To answer the question from the poster above me, I think it does because of general lack of knowledge in the public as to how EUAs work. It can be a little frightening to hear that "The FDA just authorized a drug/vaccine under emergency use" and can lead some people to think that means the FDA did not do their due diligence in testing the efficacy of the product and ensuring its safety to the general public. From what I gathered online, the only difference between an EUA approval and a full FDA approval is just the amount of paperwork/administrative difference, nothing about the scientific rigor of the trials. One such example is for the COVID19 vaccine, for the EUA approval patients that participated in clinical trials only were followed for the two months after receiving the vaccine, and for the full FDA approval it is required that the patients be followed for at least six months.

I think one aspect that is important to note when discussing this topic is that although these vaccine companies were able to acquire EUAs, they still made the efforts of becoming FDA approved. The companies had sufficient preliminary data to suggest that they had effective treatments for the COVID19 vaccine. While the EUA allowed companies to begin distributing vaccines there were large amounts of the population that withheld from taking the vaccines due to the low amount of data that was provided about the vaccines. Following the FDA approval for the Pfizer vaccine, there was a massive spike in the public populations willing to receive the vaccine. Additionally, the EUA helped companies with gaining patients to be able to acquire further data and adjustments to dosages for the vaccines to find the ideal formulation for the public based upon demographic. Furthermore, as @sm2744 mentioned, there were ventilators amongst other devices such as infusion pumps, PPE, in vitro diagnostics, and respiratory assist devices that were all approved under EUA to help assist with the massive influx in hospitalizations of patients suffering from COVID19. When looking at the FDA website today, there is a whole page for Monkeypox device submission forms in preparation for EUA applications for these devices.

The FDA's responsibility is to guarantee that medical products adhere to exacting safety and efficacy standards. This process, known as "full approval," can take years. The FDA continues to maintain its strict standards even though that period of time is shortened when an EUA is granted. Since the pandemic began, the FDA has approved a large number of EUAs for COVID-19. It is less well known that the FDA can also use EUAs for medical devices. Non-surgical face masks are one example of a medical device for which the FDA had granted an EUA during the Covid-19 pandemic. This Emergency Use Authorization was put into place in response to worries about the availability and supply of face masks.

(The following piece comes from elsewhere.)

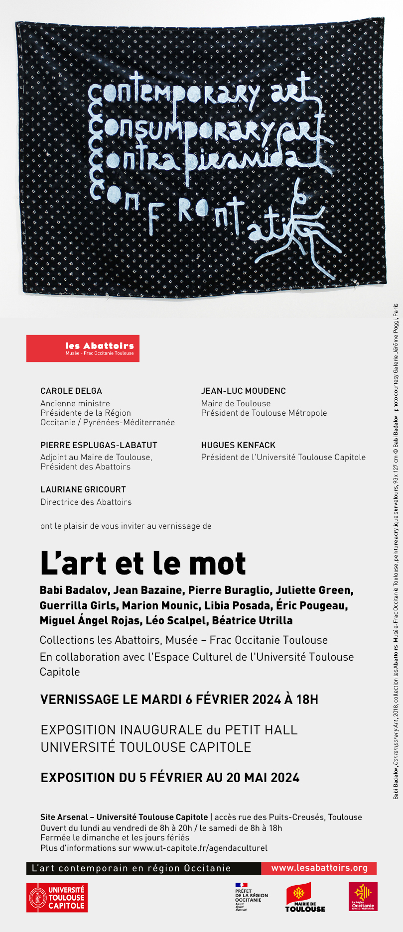 The inaugural exhibition of "Petit Hall" at Toulouse Capitole University brings together works that highlight the interactions between image and word, between reading and perception. The use of words in art emerged with the avant-garde movement of the early 20th century.

This is an excellent illustration of how even a tiny, overlooked medical device still needs FDA approval before going on sale.
These masks, which received EUA from the FDA, faced resistance similar to that experienced by vaccines. Additionally, I didn't think twice about getting the COVID-19 vaccine.Of course symptoms are always a worry but I thought being, but there were more benefits than negatives to being immunized.

The FDA using EUA on drugs and vaccines during public crisis is rather controversial. The race for a vaccine during COVID-19 brought about companies using EUA to accommodate the public's need for a vaccine. However, the process of creating a vaccine was under close observation and it created public panic. I think this panic came about because the typical person is unaware of how a vaccine is created and how the scientific process is carried out. Vaccine development and other scientific developments are not exact processes as they are in current development. Failures are inherent during the development process. These failures can be in the protocol itself or revealed in data over a span of time. The COVID-19 vaccine efficacy was revealed quickly in the development, but its efficacy over time and health impact was questioned as it requires data over a significant timespan that would be out of the span of the COVID-19 pandemic. EUA on drugs and vaccines can have a positive impact on the public.